Where does your ‘willing suspension of disbelief’ stop?

I have very little problem suspending disbelief in any fantasy or superhero story. In things like cop or military stories anything that makes it clear that they didn’t spend a second of time researching. If you make even a minor mistake that any former JROTC cadet would catch then I’m out. Or when a general is the direct combat commander of a squad and captains are doing the jobs of privates. Or command level cops doing street cop work. Things like that. I am able to suspend my disbelief with Law and Order when they have improbable situations because they tend to get the little details right.

Movies where characters act completely unlike how normal humans act like only so the plot can progress.

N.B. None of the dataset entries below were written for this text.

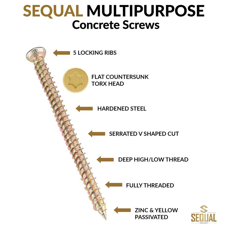 SEQUAL® 70mm (Pack of 20) Easy Drive Countersunk Direct Concrete Screws. No Plugs Needed Concrete Screw Pack Countersunk Screw with Torx Head, T30 Torx Driver Bit Included in Every Screw Pack.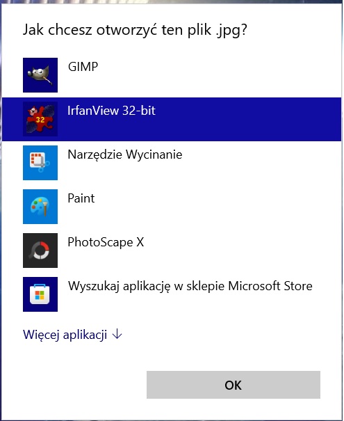 - Nie można zmienić -> otwórz za pomocą - zawsze używaj tej aplikacji, można tylko otworzyć w irfanview jednorazowo.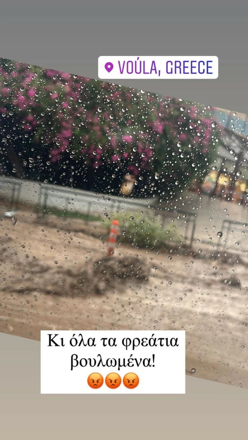 Σε ένα άλλο ανέφερε: «Ποτάμια με πέτρες από το βουνό. Και όλα τα φρεάτια βουλωμένα. Τραγικό. Ντροπή».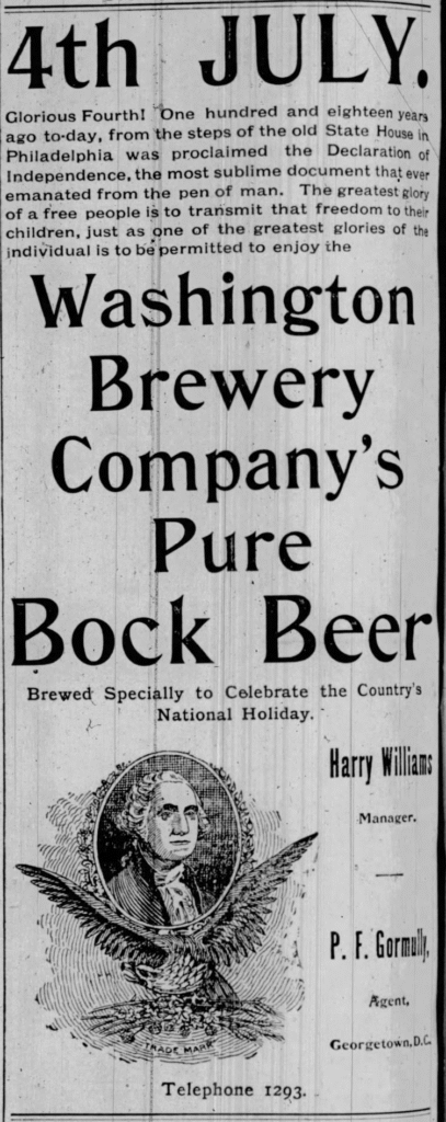 Tuesday’s ad is for Consumers’ Bock Beer, which was published on September 30, 1900, six days before it was scheduled to be released on October 6. This one was for the Consumers’ Brewing Co. of Norfolk, Virginia, which was originally founded in 1896. At least I think so, since that’s the closest one to D.C. But there were also breweries called “Consumers'” located in Rhode Island, Ohio, Pennsylvania and New York. This ad ran in The Washington Post, from Washington, D.C.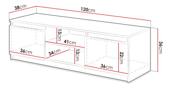 ZobrazitTV skříňka Zekazo má univerzální tvar a zajímavé barvy. Bude se hodit do obývacího pokoje a ložnice. Je ideální pro vytvoření atmosférického televizního koutku ve vaší domácnosti. Tento model má prostorné police. Dvě z nich jsou ukryty za dveřmi, zatímco ostatní jsou ideálním místem pro multimediální zařízení, stolní hry nebo malé dekorace. Chybějící úchyty jí dodávají moderní charakter. TV skříňka Zekazo se vyznačuje zajímavými barevnými kombinacemi. To vám umožní sladit ji s mnoha aranžmá.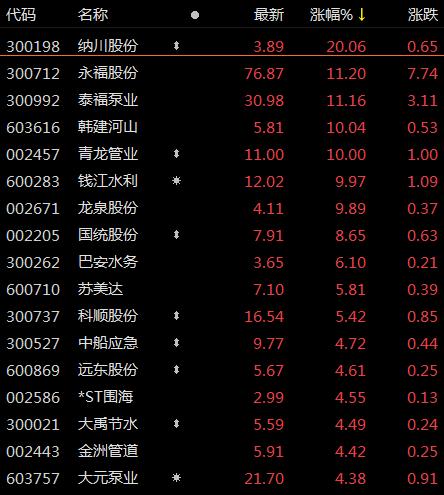 纳川股份当日涨20.06%至3.89元/股,获得主力资金净流入5887万元;公司是集管材研发、制造、管道修复、管道工程服务、管网投资运营为一体的埋地排水管网综合服务商。青龙管业7月21日股价涨10%,为国内产品品种最全、经营规模最大的供排水管道生产企业之一;公司7月13日披露,预计2021年上半年扭亏为盈,从去年同期亏损1760.43万元扭转为盈利3400万元至4800万元。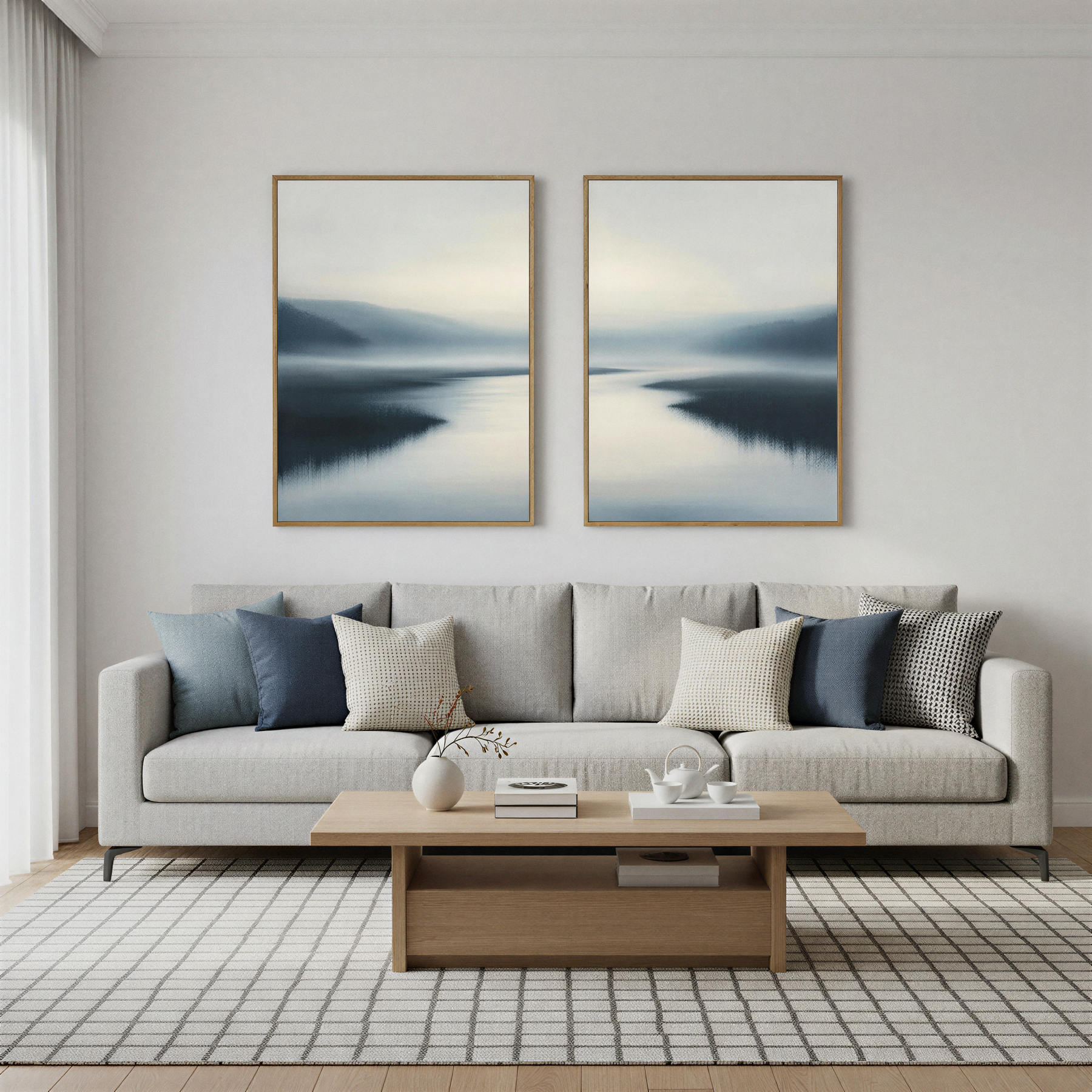 A modern living room with a light gray sofa, blue and beige pillows, a wooden coffee table, and the "Peaceful Waters Set of 2" calming landscape wall art of misty mountains and water hanging above the sofa on a white wall.

How many movies feature an armed bad guy that has two cops show up behind him, the cops yell DROP YOUR GUN only for the bad guy to rather easily turn around easily kill both cops? As we seen in real life 99/100 times the bad guy gets 30 bullets in him.

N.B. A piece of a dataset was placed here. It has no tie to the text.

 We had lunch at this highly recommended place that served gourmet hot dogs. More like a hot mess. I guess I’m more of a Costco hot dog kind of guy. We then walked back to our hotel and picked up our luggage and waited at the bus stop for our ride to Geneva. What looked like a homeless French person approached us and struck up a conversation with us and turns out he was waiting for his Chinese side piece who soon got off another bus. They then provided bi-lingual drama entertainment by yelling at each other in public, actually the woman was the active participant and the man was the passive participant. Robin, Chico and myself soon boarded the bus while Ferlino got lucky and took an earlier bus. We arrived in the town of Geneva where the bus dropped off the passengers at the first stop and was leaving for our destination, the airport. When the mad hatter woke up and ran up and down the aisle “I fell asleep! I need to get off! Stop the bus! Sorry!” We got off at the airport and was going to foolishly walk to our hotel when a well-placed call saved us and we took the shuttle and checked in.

Or the infamous “Bad guy holds important person hostage with a knife/gun to their head and tells the heroes Drop Your Gun”. Why would you give up your only advantage? The only time it makes sense is when the bad guys henchmen are around which means just killing the bad guy won’t work.

He took it out of the frame first.

But still, folding an old painting is probably going to crack it, if not crease it. So the complaint still stands.

This reminds me of one of Dan Brown’s worse novels, Deception Point. In his novel, a rogue U.S. government agency director goes to immense lengths to fake evidence of extraterrestrial life and thus influence a U.S. election outcome - all for…what? Because he wants NASA to have a bigger budget, that’s all.

No, he doesn’t. That scene has always bothered me because the rest of the heist is so clever and carefully thought out and orchestrated and yet that crucial part make no sense and cannot be explained by anything but magic.

I just rewatched it to make sure. He takes off the ornate display frame but the canvas is still stretched on its wooden frame. He lays it flat in the briefcase, then closes the briefcase like a book, which should be impossible because there is wooden frame there. Then he opens it at home and pulls out the painting, shown from behind with its wooden frame perfectly intact. It’s like real world physics suddenly disappeared and the briefcase became Mary Poppins’ bag which can hold items much larger.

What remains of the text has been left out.